I'm currently reading Lucy Morgan's fascinating memoir, Gift From the Hills, recounting the early history of The Penland School, and was particularly struck by the story of Leila Woody and her coverlet. Ms. Woody, a thrifty weaver, had been given a bag of loopers, a waste product of the hosiery industry. She unravelled a few loopers and found that each one yielded at least 18 yards of cotton yarn. She proceeded to unravel ten at a time and (presumably with a paddle) wound a warp of 1,080 ends, ten ends at a time, you guessed it, 18 yards long. For weft she used the same yarn, singles and plied both, and wove a coverlet in honeycomb structure. Additional ravelings provided the fringe.
Fast forward to twenty years ago, when a friend who was transitioning from weaver to painter gave me a stash of silk buttonhole thread—an enormous stash (thank you, Nancy). I've been storing this thread in my studio for all these years, and never know quite what to do with it. Here is a small part of the stash:

Each box contains 12 wooden spools of silk buttonhole thread, 10 yards per spool. Most of the thread is from one dye lot of cerise. But occasionally a purple will show up unexpectedly.

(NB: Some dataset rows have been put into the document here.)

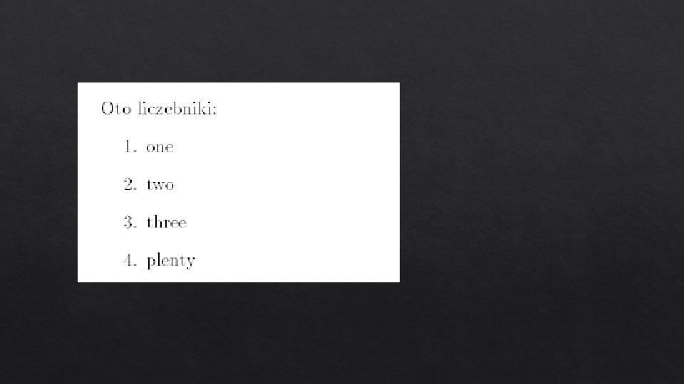 ![enumerate documentclass[a 4 paper, 11 pt]{article} usepackage{polski} usepackage[cp 1250]{inputenc} usepackage{enumerate} begin{document} begin{enumerate} item Pierwszy enumerate documentclass[a 4 paper, 11 pt]{article} usepackage{polski} usepackage[cp 1250]{inputenc} usepackage{enumerate} begin{document} begin{enumerate} item Pierwszy](https://slidetodoc.com/presentation_image/550c9f33b60648bca22a88b09231180c/image-54.jpg)
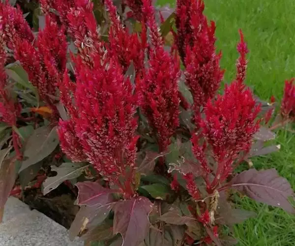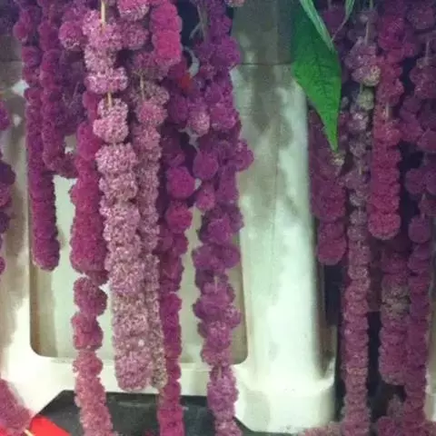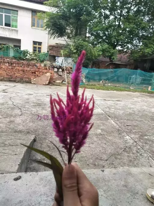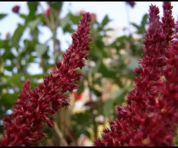 千穗谷(Amaranthus hypochondriacus L.)一年生草本;茎绿色或紫红色,分枝,无毛或上部微有柔毛。叶片菱状卵形或矩圆状披针形,具凸尖,基部楔形,无毛,上面常带紫色;叶柄无毛。圆锥花序顶生,直立,圆柱形,不分枝或分枝,由多数穗状花序形成,花簇在花序上排列极密;苞片绿色或紫红色,背部中脉隆起;花被片矩圆形,绿色或紫红色。胞果近菱状卵形,环状横裂,绿色,上部带紫色,超出宿存花被。种子近球形,白色,边缘锐。花期7-8月,果期8-9月。
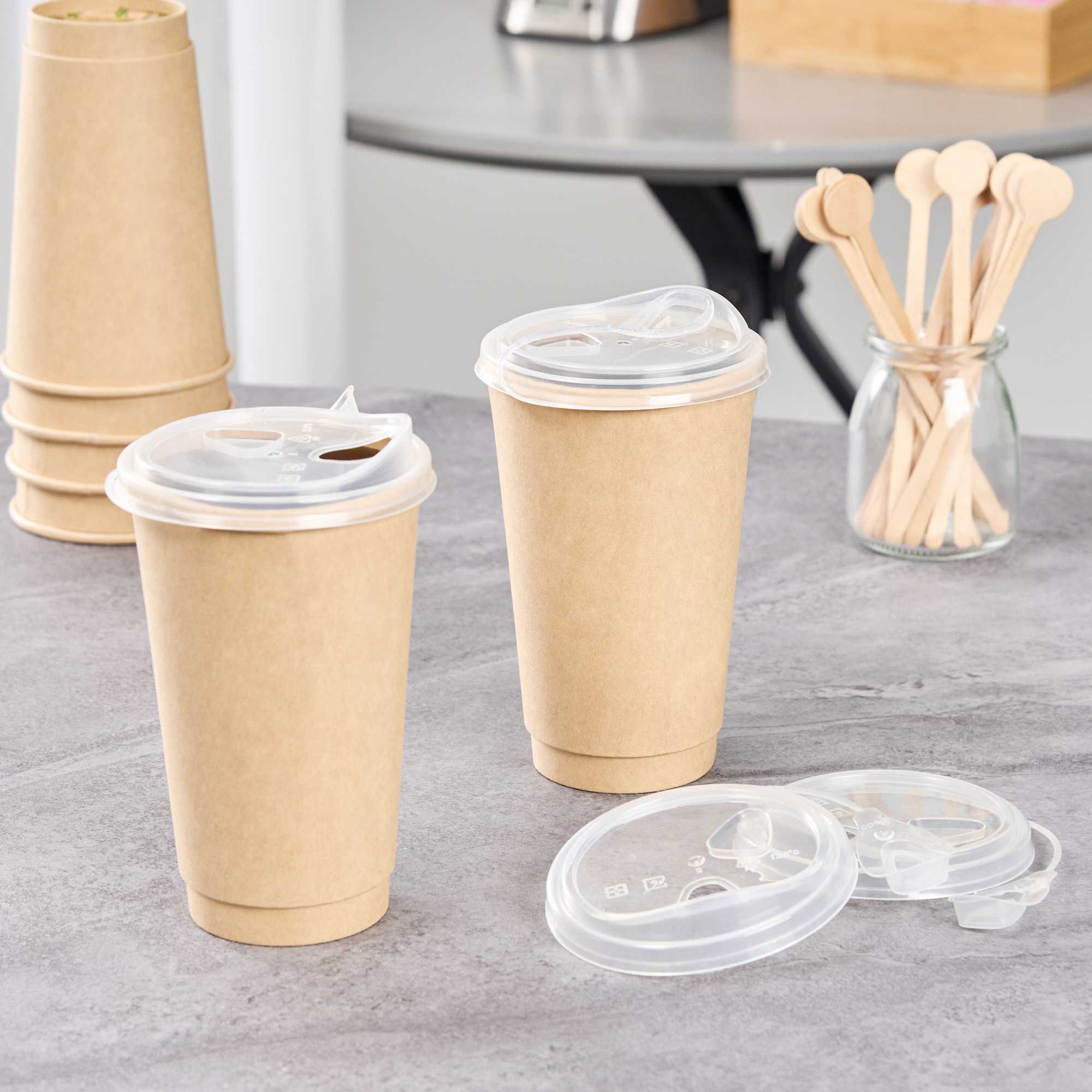 With a 2-in-1 design, these plastic cup lids feature a drinking spout opening alongside a straw slot so guests can enjoy their drinks however they prefer. Plus, they're equipped with stoppers to securely cover the opening not in use.
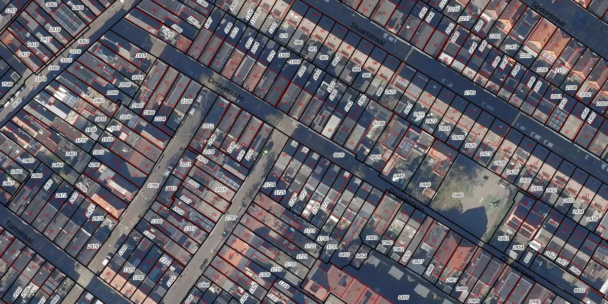 Het perceel waarop Druivenlaan 37 staat heeft een oppervlakte van 80 m². Dit is een klein perceel. De perceeloppervlakte wordt geregistreerd door het Kadaster. Gedetailleerde informatie over de maten van dit perceel kunt u vinden in het rapport Kadastrale kaart met maatvoering van Druivenlaan 37.
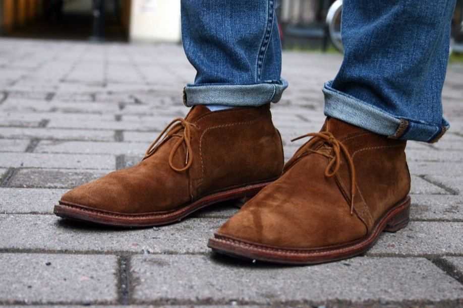1. Хитом 2020 года станет элегантная обувь, изготовленная из натуральной замши, отлично сочетающаяся с одеждой любого стиля. Замша одинаково хорошо подходит для изготовления разных видов мужской обуви: туфель, кроссовок, ботинок, лоферов и мокасин. В интересующем нас году в моду снова войдут дезерты – особый вид замшевых ботинок, имеющих резиновую или кожаную подошву и 2-3 пары отверстий для шнуровки. Будучи необыкновенно стильными, практичные и комфортные дезерты подходят мужчинам, предпочитающим свободный стиль. Наиболее популярными будут дезерты, окрашенные в естественные цвета (коричневый, бежевый и рыжий).
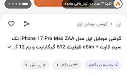 قیمت آیفون ۱۷پرومکس در فروشگاههای اینترنتی ایران
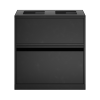 Avfallssystemet er utstyrt med frontdører med soft close for ergonomisk riktig tømming uten tunge løft. Avfallssystemet er utstyrt med integrerte og sterke poseholdere, slik at posen blir liggende. Lokket skjuler også posene, slik at avfallssystemet holder et stilrent design. Avfallssystemet er mobilt takket være de monterte hjulene, som er skjult bak sokkelen. Avfallsløsningen leveres med et magnetisk veggfeste som den skal festes til.
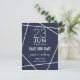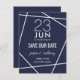A clean contemporary design in navy blue and white with minimalist appeal, this wedding Save the Date Card conveys your wedding plans with modern style. White geometric lines surround your text over a navy blue background. Bold numbers are used to accentuate the date of your wedding. Personalize the sample text in the design template with your wedding date, the bride and groom's names and the city location of your wedding. The reverse side of the card is shown in the same navy blue colour as the front. You can add additional text on the back if you wish (i.e. your wedding website or other desired comments), or simply leave the back as is.
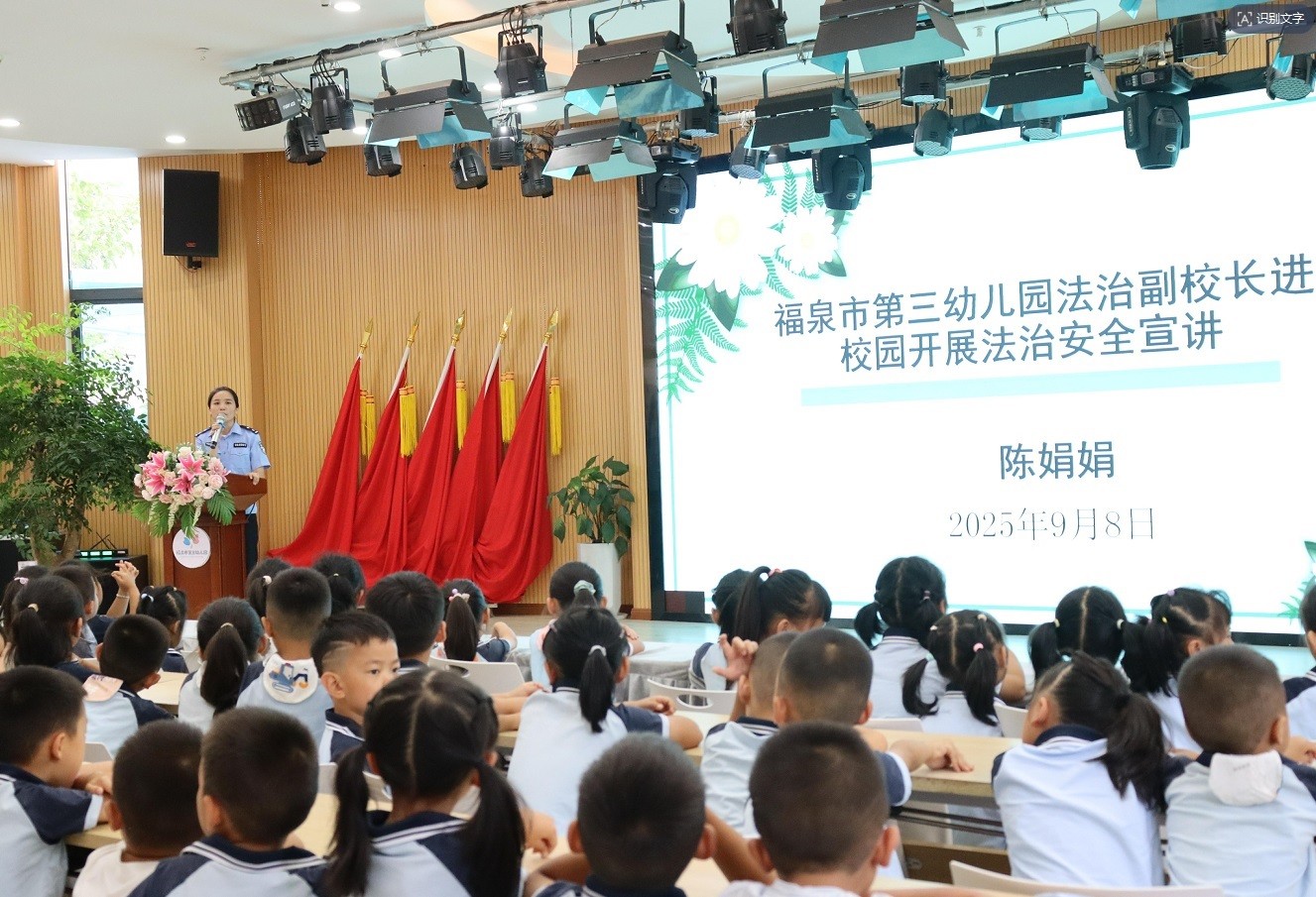 为切实增强师生的安全防护意识,将法治种子播撒在幼儿心田。9月8日,福泉市第三幼儿园关工委邀请福泉市公安局金山派出所法治副校长陈娟娟警官对全体师生开展 “法治安全宣讲”活动。

And there are a few boxes of acid yellow, and a few odd spools of gray.

A light bulb went on today. There is more than enough silk here for a warp for my new project, scarves with an interleaved warp of cerise silk and yellow mercerized cotton. I am making it 9 1/2 yards long, so that I have enough to tie knots from one spool to the next.

It's a bit fiddly to tie on a new spool at every beginning and ending peg on the warping board, but I'm soldiering on.

I think Leila Woody would have cheered me on.